You are given a table of scores, and you need to assign a rank to each score. The ranking should follow standard rules where identical scores receive the same rank, and the next rank is skipped. This is a common task in data analysis and leaderboard systems where you need to order participants based on their performance.

Problem Description

Given a table named Scores with a single column score representing individual scores, you need to produce a result table that displays each score along with its corresponding rank.

The ranking rules are as follows:

  1. Scores should be ranked in descending order (highest score gets rank 1).
  2. If two or more players have the same score, they should receive the same rank.
  3. The rank assigned should be the dense rank. This means that if multiple scores share a rank, the next rank assigned should be the immediately following integer.
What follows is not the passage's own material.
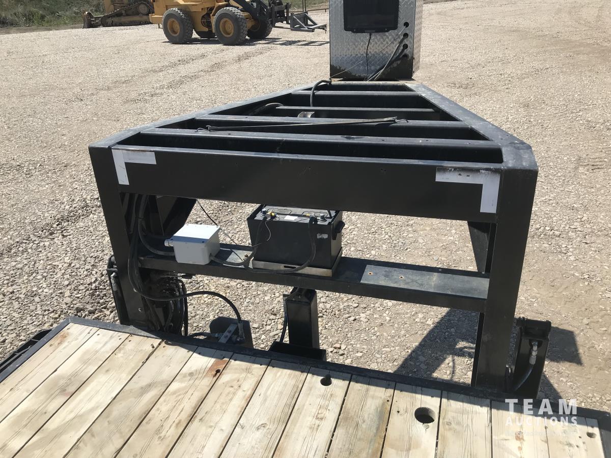 97 inch wide deck, wood deck, stake pockets, rub rails, solar charged battery w/ hydraulic landing gear, spring suspension, 235/75R17.5 tires

For example, if scores of 100, 100, and 90 are present, the ranks would be 1, 1, and 2, respectively (not 1, 1, and 3).

The output should be a table with two columns: score and rank.

Examples

Example 1:

Input Table: Scores
| score |
|-------|
| 3.50  |
| 3.50  |
| 3.65  |
| 4.00  |
| 3.85  |
| 3.85  |

Output Table:
| score | rank |
|-------|------|
| 4.00  | 1    |
| 3.85  | 2    |
| 3.85  | 2    |
| 3.65  | 3    |
| 3.50  | 4    |
| 3.50  | 4    |

Explanation:
- 4.00 is the highest score, so it gets rank 1.
- 3.85 is the next highest unique score, so it gets rank 2. Both occurrences of 3.85 get rank 2.
- 3.65 is the next highest unique score, so it gets rank 3.
- 3.50 is the next highest unique score, so it gets rank 4. Both occurrences of 3.50 get rank 4.

Example 2:

Input Table: Scores
| score |
|-------|
| 50    |
| 75    |
| 100   |

Output Table:
| score | rank |
|-------|------|
| 100   | 1    |
| 75    | 2    |
| 50    | 3    |

Explanation:
All scores are unique and in descending order, so they receive consecutive ranks starting from 1.

Example 3:

Input Table: Scores
| score |
|-------|
| 100   |
| 100   |
| 100   |

Output Table:
| score | rank |
|-------|------|
| 100   | 1    |
| 100   | 1    |
| 100   | 1    |

Explanation:
All scores are identical, so they all receive the same rank (1).

Constraints

  • The Scores table will contain at least one row.
  • The score column will contain numerical values.
  • Scores can be integers or floating-point numbers.
  • The maximum number of rows in the Scores table is $10^5$.
  • The values in the score column will be between 0.00 and 100.00, inclusive.

Notes

  • You will need to consider how to handle duplicate scores correctly.
  • Think about the order in which scores should be processed.
  • This problem is a good exercise in using window functions or analytical functions in SQL, or equivalent concepts in other programming languages.